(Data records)
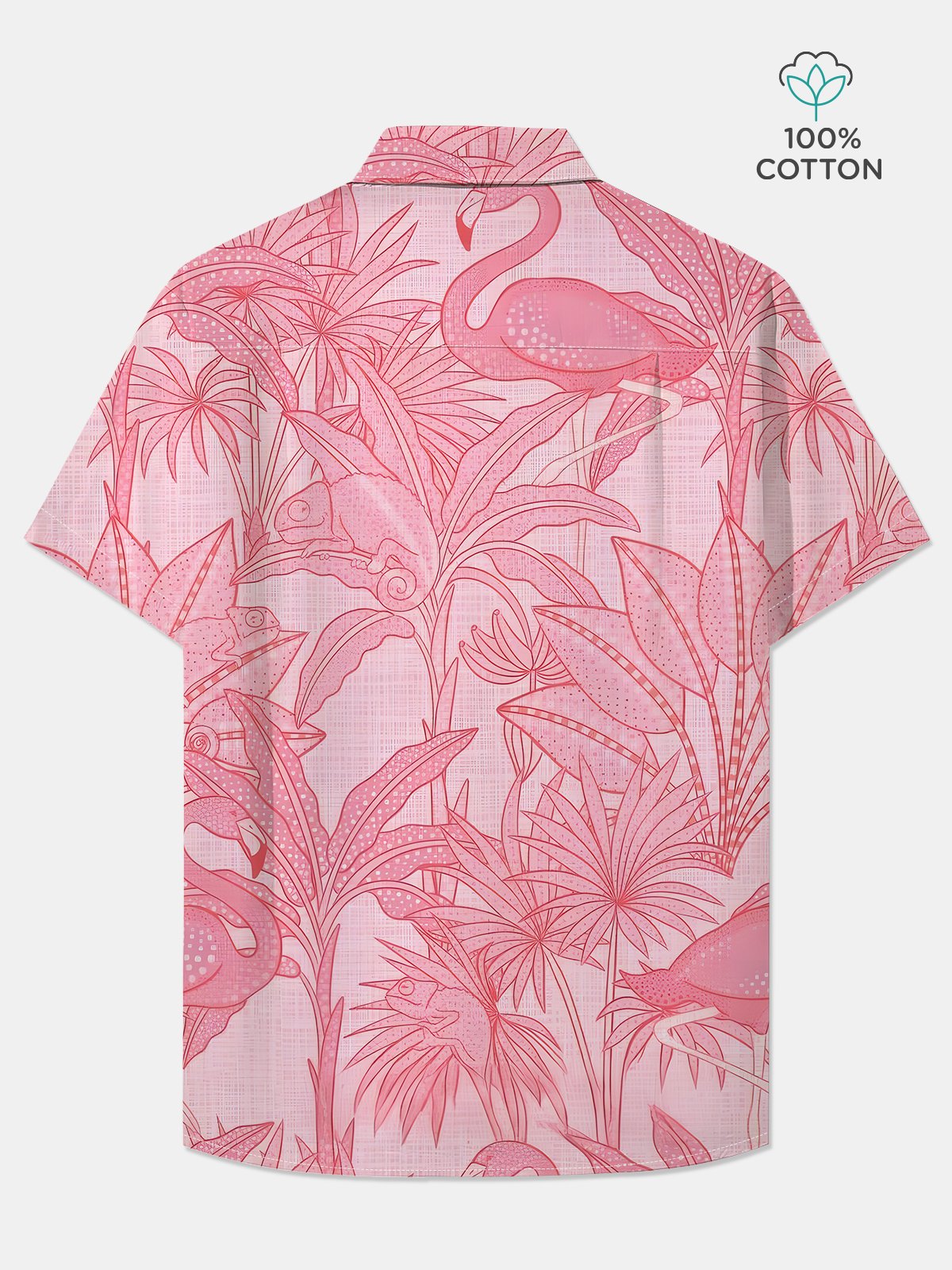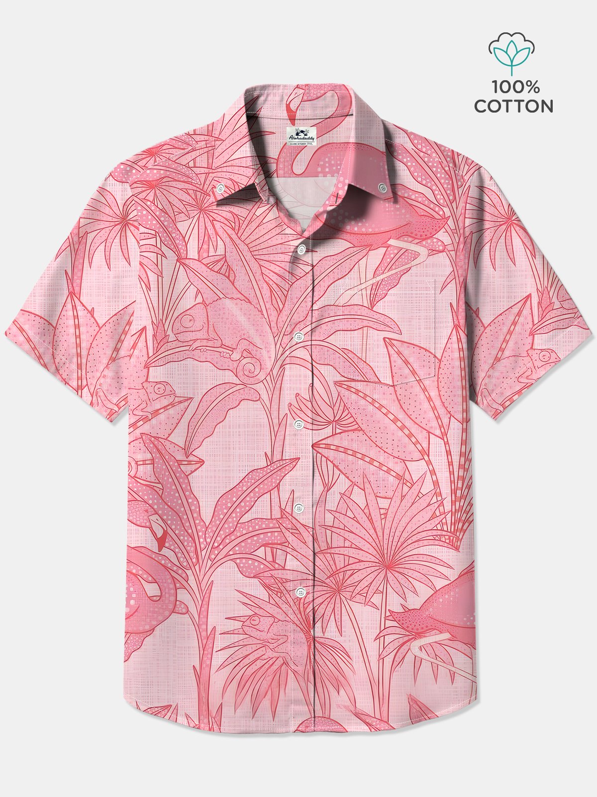 Alohadaddy Cotton Flamingo Chameleon Print Art Moisture Wicking Chest Pocket Cardigan Hawaiian Oversized Short Sleeve Shirt
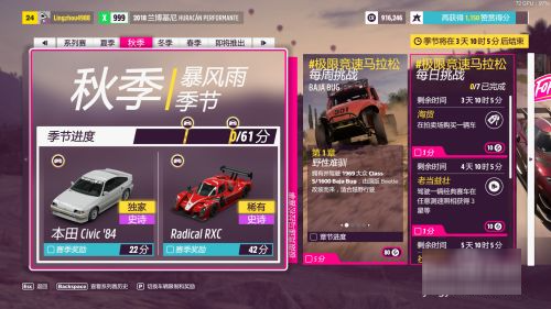 4、完成地平线锦标赛和公开赛挑战。
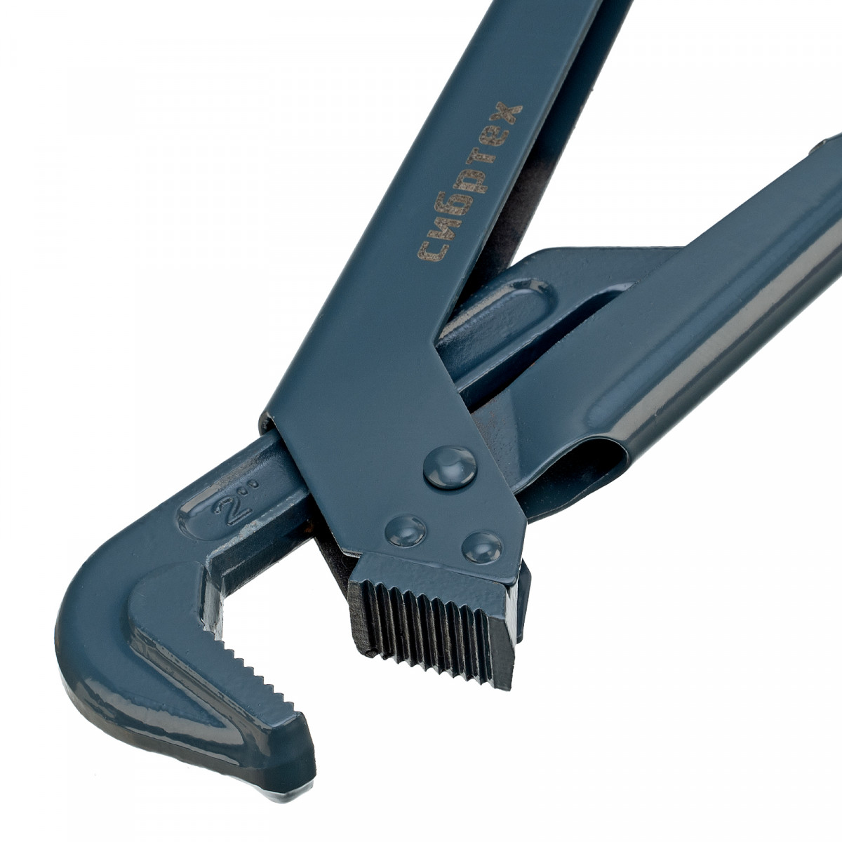 Ключ с закаленными губками из легированной стали (48-52 HRC) обеспечивает высокий рабочий ресурс.
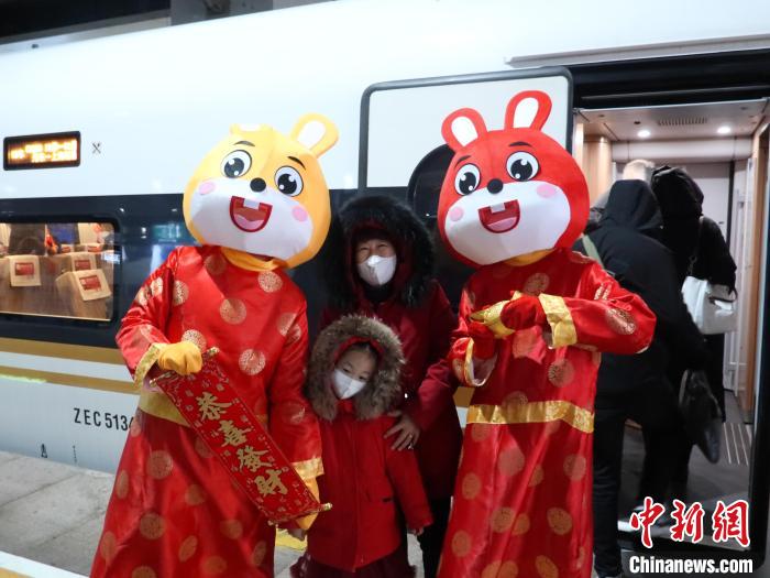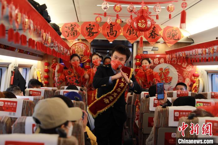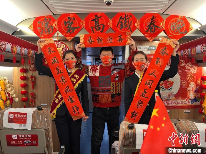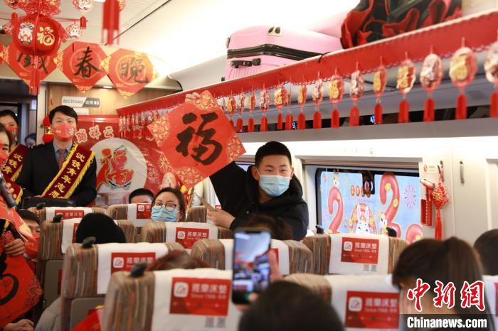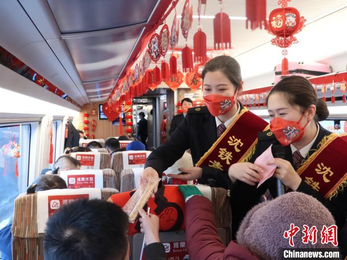 中新网沈阳1月14日电(李晛王志松李晶)1月14日,腊月二十三,中国北方地区进入传统节日——小年。为迎接小年的来临,沈阳铁路局沈阳客运段举办了一场以“玉兔闹新春,沈客伴您行”为主题的联欢活动。在丹东开往上海虹桥的G1230次列车上,浓郁的年味在车厢中弥漫,让旅客踏上了不一样的回家之路。
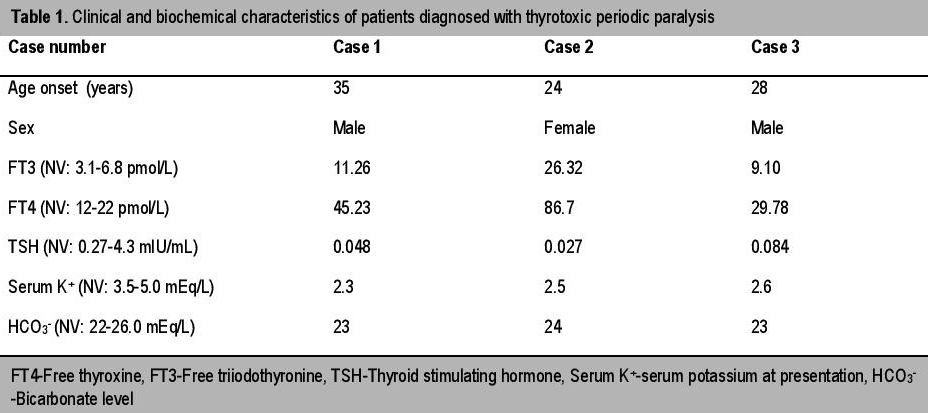 Click here to download Table 1Table 1. Clinical and biochemical characteristics of patients diagnosed with thyrotoxic periodic paralysis
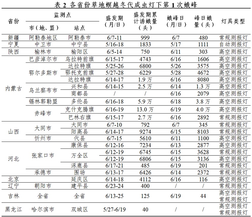 5月中下旬宁夏、内蒙古西部,6月上中旬内蒙古、河北、山西、北京、陕西、新疆等西北华北地区出现灯下蛾峰。其中,内蒙古、河北、山西等地14个监测点出现单灯单日千头以上蛾峰,内蒙古达拉特旗、山西阳高达8000头,内蒙古兴和、多伦、克什克腾旗达1万—4万头(详见表2)。
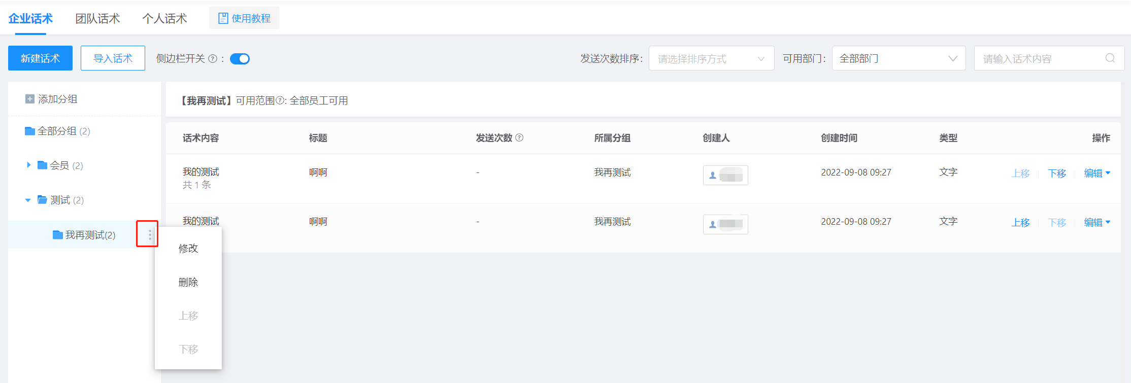 企业员工(微伴普通员工)可以直接在企业微信侧边栏创建个人话术;
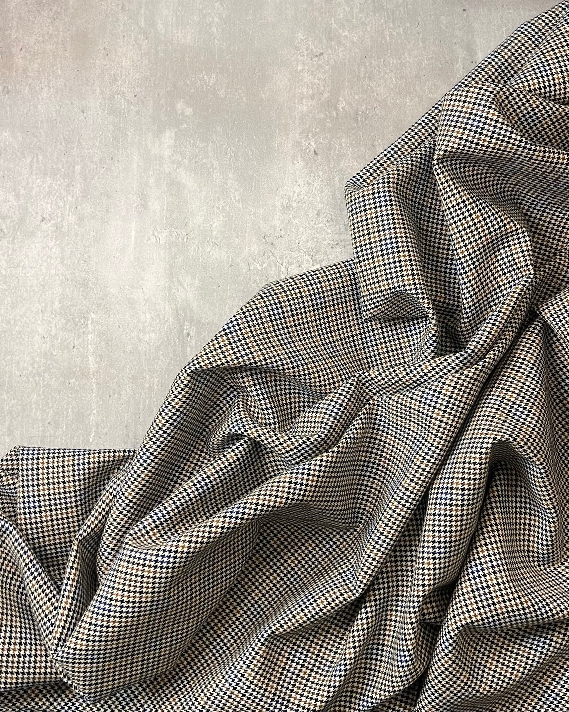 Idéal pour des costumes sur-mesure ou des vestes sophistiquées, il se distingue par son mélange subtil de couleurs neutres et ses détails minutieux.
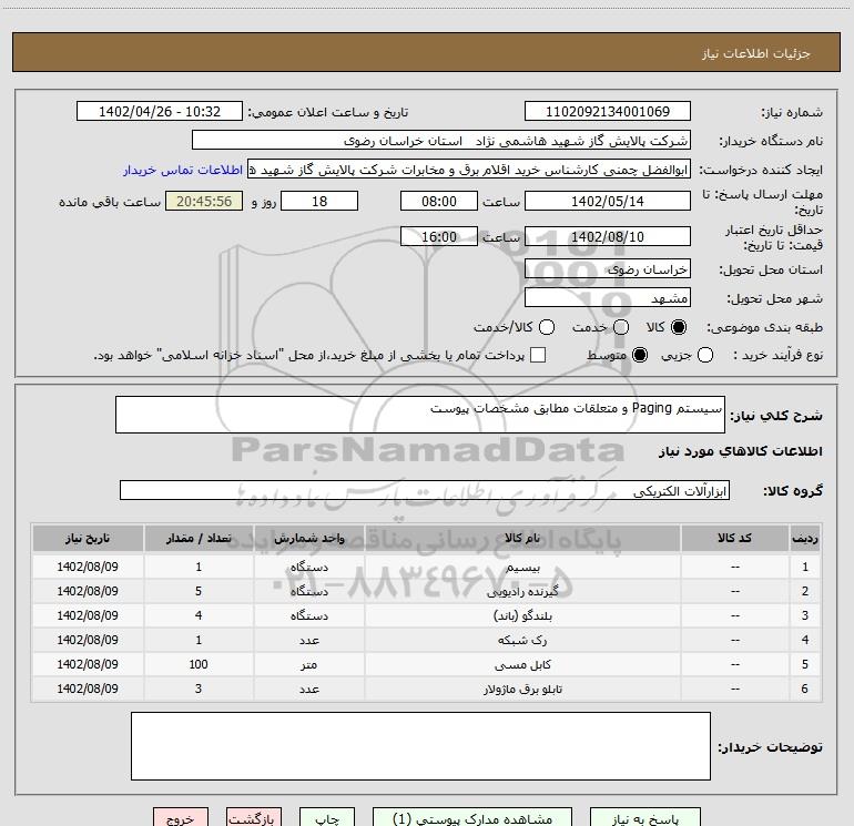 شرح کلی نیاز: سیستم Paging و متعلقات مطابق مشخصات پیوست
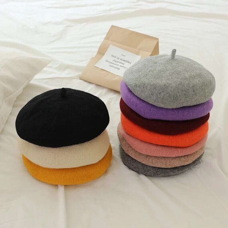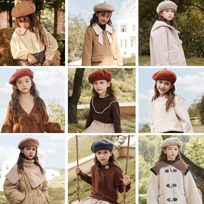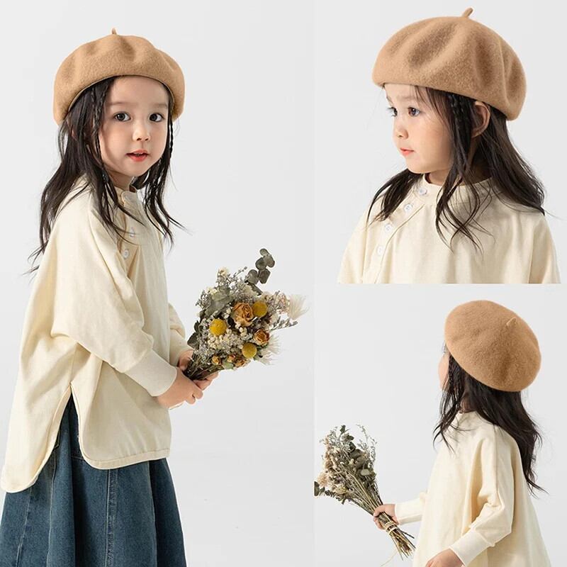 ベビーウールベレー帽 Clic 無地ベレー帽帽子画家帽子子供キャップ多用途ソフト秋冬屋外暖かい帽子 オータム 秋物 ウィンター 冬物 キッズ ベレット ヘアアクセサリー ソリッドカラー
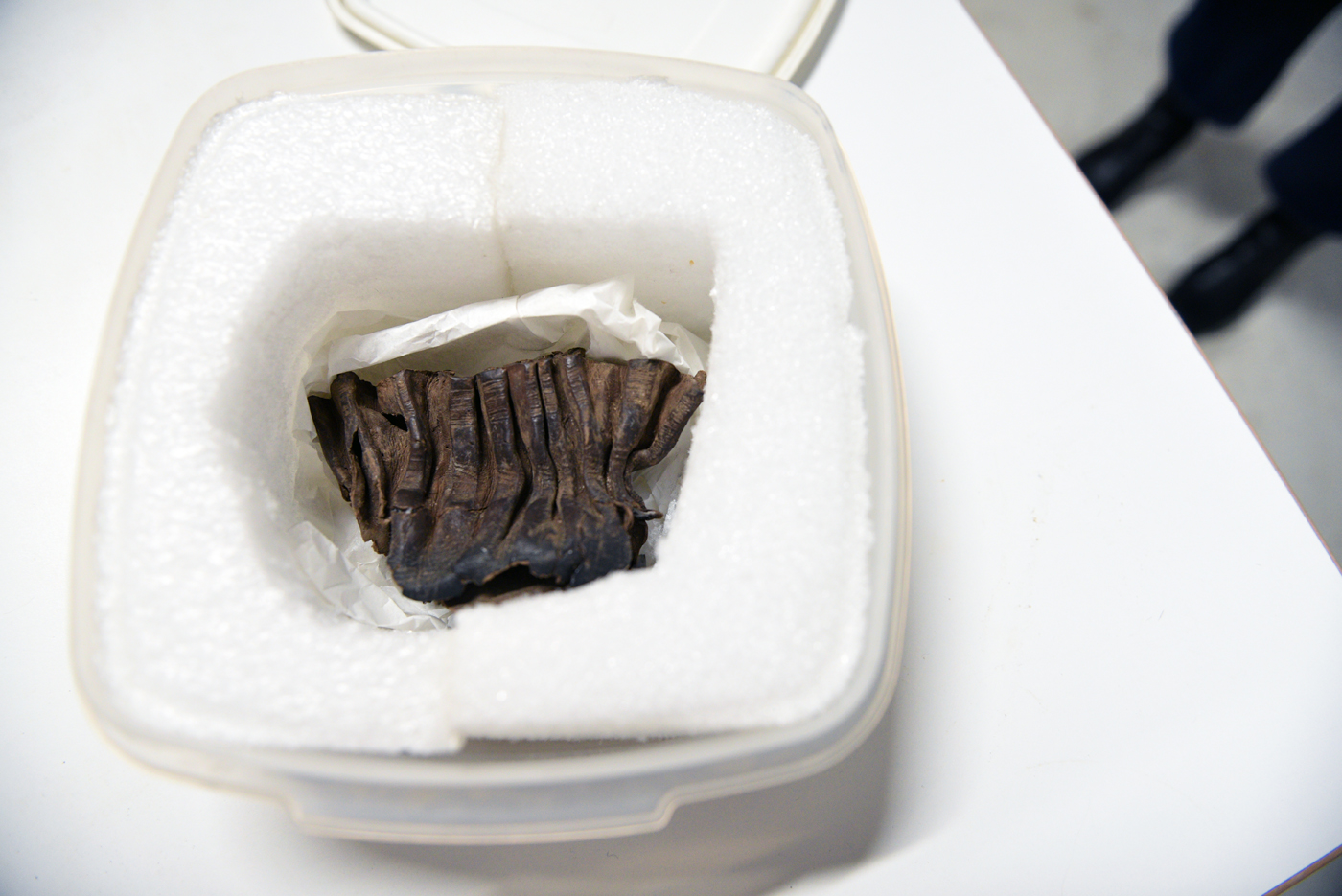 Cette bourse en cuir datant du XIIe siècle a été trouvée boulevard Saint-Michel (5e). Seul un lyophilisateur permet sa conservation hors du milieu humide.
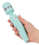 Pink, rechargeable vibrating wand with flexible massage head for targeted pleasure point or full-body massages. Extra strong motor for multi-speed vibration. With travel lock. Elegant detail: Sparkling Swarovski® stone as control button. Total length 20 cm, Ø 3.9 cm. Silicone, ABS. USB charging cable included.

→ Work task: Retyped exactly, the lines from the one holding "中新网沈阳1月14日电(李晛" through the last line of the data above are the whole answer. Pictures stay out.

→ Answer:
 中新网沈阳1月14日电(李晛王志松李晶)1月14日,腊月二十三,中国北方地区进入传统节日——小年。为迎接小年的来临,沈阳铁路局沈阳客运段举办了一场以“玉兔闹新春,沈客伴您行”为主题的联欢活动。在丹东开往上海虹桥的G1230次列车上,浓郁的年味在车厢中弥漫,让旅客踏上了不一样的回家之路。
 Click here to download Table 1Table 1. Clinical and biochemical characteristics of patients diagnosed with thyrotoxic periodic paralysis
 5月中下旬宁夏、内蒙古西部,6月上中旬内蒙古、河北、山西、北京、陕西、新疆等西北华北地区出现灯下蛾峰。其中,内蒙古、河北、山西等地14个监测点出现单灯单日千头以上蛾峰,内蒙古达拉特旗、山西阳高达8000头,内蒙古兴和、多伦、克什克腾旗达1万—4万头(详见表2)。
 企业员工(微伴普通员工)可以直接在企业微信侧边栏创建个人话术;
 Idéal pour des costumes sur-mesure ou des vestes sophistiquées, il se distingue par son mélange subtil de couleurs neutres et ses détails minutieux.
 شرح کلی نیاز: سیستم Paging و متعلقات مطابق مشخصات پیوست
 ベビーウールベレー帽 Clic 無地ベレー帽帽子画家帽子子供キャップ多用途ソフト秋冬屋外暖かい帽子 オータム 秋物 ウィンター 冬物 キッズ ベレット ヘアアクセサリー ソリッドカラー
 Cette bourse en cuir datant du XIIe siècle a été trouvée boulevard Saint-Michel (5e). Seul un lyophilisateur permet sa conservation hors du milieu humide.
 Pink, rechargeable vibrating wand with flexible massage head for targeted pleasure point or full-body massages. Extra strong motor for multi-speed vibration. With travel lock. Elegant detail: Sparkling Swarovski® stone as control button. Total length 20 cm, Ø 3.9 cm. Silicone, ABS. USB charging cable included.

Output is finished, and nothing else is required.